All that cleanliness came to an abrupt and horrific end for me, thanks in part to actor/producer Mel Gibson and his critically acclaimed, “The Passion of the Christ.” For the first time in my life I have been able to envision the utter horror and over-the-edge brutality of the event. For two hours, late Monday evening, I sat with my son and husband and behind a row of students with whom I work, to contemplate Christ’s mockery of a trial, the unending beatings, and His agony-filled hours nailed to a cross.

It was a difficult task with which I challenged myself. I had read reviews and listened as people described their personal reactions to the movie. I wondered how I would feel, as I avoid watching portrayals of violence at nearly all costs. I wondered with some concern how I would react as I am shy in many public settings to show strong emotion.

I suffered — quietly, profoundly, deeply, and at length.
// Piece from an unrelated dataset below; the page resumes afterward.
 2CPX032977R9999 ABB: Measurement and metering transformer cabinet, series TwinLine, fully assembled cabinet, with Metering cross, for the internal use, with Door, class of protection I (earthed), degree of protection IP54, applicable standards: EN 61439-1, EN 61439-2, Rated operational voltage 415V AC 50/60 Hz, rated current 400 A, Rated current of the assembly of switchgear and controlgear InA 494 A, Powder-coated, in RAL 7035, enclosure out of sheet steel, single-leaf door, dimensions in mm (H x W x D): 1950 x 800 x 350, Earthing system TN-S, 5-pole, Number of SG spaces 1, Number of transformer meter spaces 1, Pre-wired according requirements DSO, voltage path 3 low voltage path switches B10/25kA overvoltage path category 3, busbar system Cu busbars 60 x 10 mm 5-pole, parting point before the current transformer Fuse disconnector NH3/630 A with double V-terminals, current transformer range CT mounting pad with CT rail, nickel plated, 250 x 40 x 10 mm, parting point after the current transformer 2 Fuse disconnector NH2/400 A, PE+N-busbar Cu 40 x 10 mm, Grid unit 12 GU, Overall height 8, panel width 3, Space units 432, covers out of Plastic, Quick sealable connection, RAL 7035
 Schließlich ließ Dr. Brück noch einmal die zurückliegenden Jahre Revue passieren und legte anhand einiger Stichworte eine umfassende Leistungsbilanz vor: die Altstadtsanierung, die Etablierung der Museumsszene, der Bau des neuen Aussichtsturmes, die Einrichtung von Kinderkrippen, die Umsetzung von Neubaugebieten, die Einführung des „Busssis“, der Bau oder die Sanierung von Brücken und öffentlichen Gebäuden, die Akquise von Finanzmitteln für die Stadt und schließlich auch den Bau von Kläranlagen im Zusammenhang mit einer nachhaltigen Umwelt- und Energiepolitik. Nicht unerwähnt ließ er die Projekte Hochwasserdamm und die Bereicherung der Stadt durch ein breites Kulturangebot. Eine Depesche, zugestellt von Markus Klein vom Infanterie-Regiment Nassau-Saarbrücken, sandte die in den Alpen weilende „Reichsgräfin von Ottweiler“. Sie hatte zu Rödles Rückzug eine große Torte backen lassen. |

I initially connected with Mary, Christ’s mother, as she watched, helpless and in shock, her son endure the worst of pain and humiliation. I’ve now lived long enough and experienced enough with my own children to be able to understand in part what it feels like to be a mother with a broken heart. I am grateful that I am a modern woman who can connect with such an ancient event through the universal experiences of motherhood.

I am also grateful that I now have a better understanding of the events and what a truly magnificent gift Christ has offered me. I long for a daily connection with Him and have experienced some insightful moments this week as I have set aside time to ponder my own sin, the ripple effect it has on others, and the supreme gift of forgiveness Christ offers. Such an understanding has moved me away from intellectualizing the story and forced me to probe deep within my heart. As a result I have experienced moments of sweet sorrow for which I am profoundly thankful.

“The Passion of the Christ” does not deal with the aftermath of the crucifixion, except to briefly portray a living Christ. Has all this left you wondering if Christ’s body was stolen? This might have occurred were it not for the Roman soldiers who diligently sealed and guarded the tomb. Losing the body would have placed their lives in jeopardy with their superiors. It would also have empowered Christ’s followers and further inflamed an already enormous political problem for the Romans. If a Roman had been able to produce the body once it was discovered missing, it would have quelled all rumors once and for all. No Roman would steal the body and certainly no follower would either, for in time Christ’s followers not only grew to span the globe, but countless voluntarily gave up personal comfort as well as their lives for the right to tell the world that a relationship with Christ promises everlasting life.

Tomorrow I’ll tiptoe Easter baskets into my children’s rooms, enjoy a cup of coffee with a hot crossed bun, and celebrate the resurrection of Christ with my family and friends. The suffering is over. Let the celebrating begin!